Re: [Qemu-block] [Qemu-devel] [PATCH 1/1] parallels: wrong call to bdrv_

From:	Kevin Wolf
Subject:	Re: [Qemu-block] [Qemu-devel] [PATCH 1/1] parallels: wrong call to bdrv_truncate
Date:	Wed, 29 Mar 2017 16:11:27 +0200
User-agent:	Mutt/1.5.21 (2010-09-15)

Am 29.03.2017 um 15:53 hat Denis V. Lunev geschrieben:
> On 03/29/2017 01:41 PM, Kevin Wolf wrote:
> > Am 28.03.2017 um 19:12 hat Denis V. Lunev geschrieben:
> >> On 03/28/2017 07:26 PM, Kevin Wolf wrote:
> >>> [ Cc: qemu-block ]
> >>>
> >>> Am 27.03.2017 um 16:38 hat Denis V. Lunev geschrieben:
> >>>> Parallels driver should not call bdrv_truncate if the image was opened
> >>>> in the read-only mode. Without the patch
> >>>>     qemu-img check harddisk.hds
> >>>> asserts with
> >>>>     bdrv_truncate: Assertion `child->perm & BLK_PERM_RESIZE' failed.
> >>>>
> >>>> Parameters used on the write path are not needed if the image is opened
> >>>> in the read-only mode.
> >>>>
> >>>> Signed-off-by: Denis V. Lunev <address@hidden>
> >>>> Reported-by: Edgar Kaziahmedov <address@hidden>
> >>>> CC: Stefan Hajnoczi <address@hidden>
> >>>> ---
> >>>>  block/parallels.c | 3 ++-
> >>>>  1 file changed, 2 insertions(+), 1 deletion(-)
> >>>>
> >>>> diff --git a/block/parallels.c b/block/parallels.c
> >>>> index 6bf9375..4173b3f 100644
> >>>> --- a/block/parallels.c
> >>>> +++ b/block/parallels.c
> >>>> @@ -687,7 +687,8 @@ static int parallels_open(BlockDriverState *bs, 
> >>>> QDict *options, int flags,
> >>>>      if (local_err != NULL) {
> >>>>          goto fail_options;
> >>>>      }
> >>>> -    if (!bdrv_has_zero_init(bs->file->bs) ||
> >>>> +
> >>>> +    if (!(flags & BDRV_O_RESIZE) || !bdrv_has_zero_init(bs->file->bs) ||
> >>>>              bdrv_truncate(bs->file, bdrv_getlength(bs->file->bs)) != 0) 
> >>>> {
> >>>>          s->prealloc_mode = PRL_PREALLOC_MODE_FALLOCATE;
> >>>>      }
> >>> Relying on BDRV_O_RESIZE in block drivers is wrong.

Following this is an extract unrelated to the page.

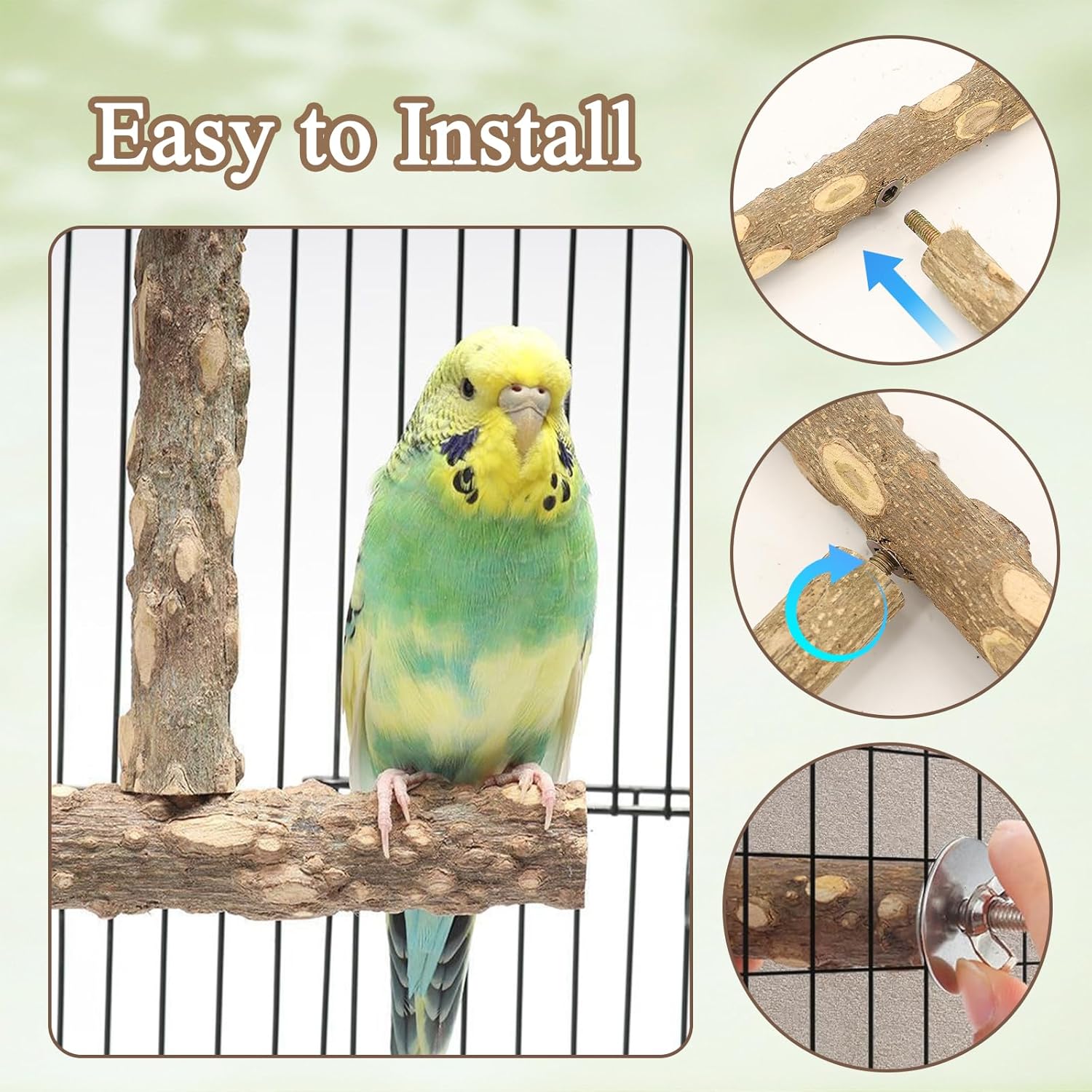 Easy to Install: In order to allow every user to easily enjoy the fun of DIY, we have specially optimized the installation process of parrot perch. Equipped with nuts and built-in bolts, it can be quickly and safely connected. Even on the first attempt, you can quickly get started and create a perfect home for your little bird.
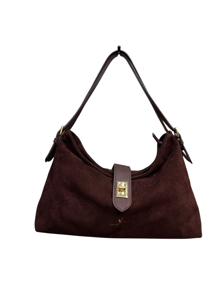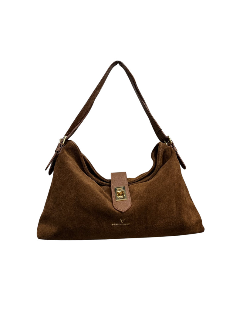 Borsa in camoscio con manici a spalla e tracolla regolabili è la soluzione ideale per un look elegante e pratico. Realizzata in morbida pelle di camoscio, leggera da portare e con chiusura centrale.Aggiungi stile e funzionalità al tuo outfit.

It is set in some
> >>> paths (specifically the users of blk_new_open), but not in others. We
> >>> should probably have filtered out the flag before passing it to the
> >>> drivers.
> >>>
> >>> As a concrete example, if you're using -blockdev, the bdrv_truncate()
> >>> call won't be executed after applying this patch.
> >>>
> >>> I think the correct way would be to check bdrv_is_read_only() instead.
> >>>
> >>> Kevin
> >> hmmm. But why do we have
> >>
> >> int bdrv_truncate(BdrvChild *child, int64_t offset)
> >> {
> >>     BlockDriverState *bs = child->bs;
> >>     BlockDriver *drv = bs->drv;
> >>     int ret;
> >>
> >>     assert(child->perm & BLK_PERM_RESIZE);
> >>
> >>     if (!drv)
> >>         return -ENOMEDIUM;
> >>     if (!drv->bdrv_truncate)
> >>         return -ENOTSUP;
> >>     if (bs->read_only)
> >>         return -EACCES;
> >>
> >>     ret = drv->bdrv_truncate(bs, offset);
> >>
> >> instead of
> >>
> >> int bdrv_truncate(BdrvChild *child, int64_t offset)
> >> {
> >>     BlockDriverState *bs = child->bs;
> >>     BlockDriver *drv = bs->drv;
> >>     int ret;
> >>
> >>     if (!drv)
> >>         return -ENOMEDIUM;
> >>     if (!drv->bdrv_truncate)
> >>         return -ENOTSUP;
> >>     if (bs->read_only)
> >>         return -EACCES;
> >>
> >>     assert(child->perm & BLK_PERM_RESIZE);
> >>     ret = drv->bdrv_truncate(bs, offset);
> >>
> >> technically this will work properly for my case and calling of
> >> bdrv_truncate could be valid.
> > The question is what the contract of bdrv_truncate() is. I think "you
> > can only call this when you got resize permissions" is the clearest
> > interface, and the current code enforces it.
> but in the original patch I have made check exactly over this simple
> condition and you says that it was not accurate. If this is wrong, I'll be
> rejected later on with EACCESS and will still be on the safe side.
> Original patch just avoids the assert().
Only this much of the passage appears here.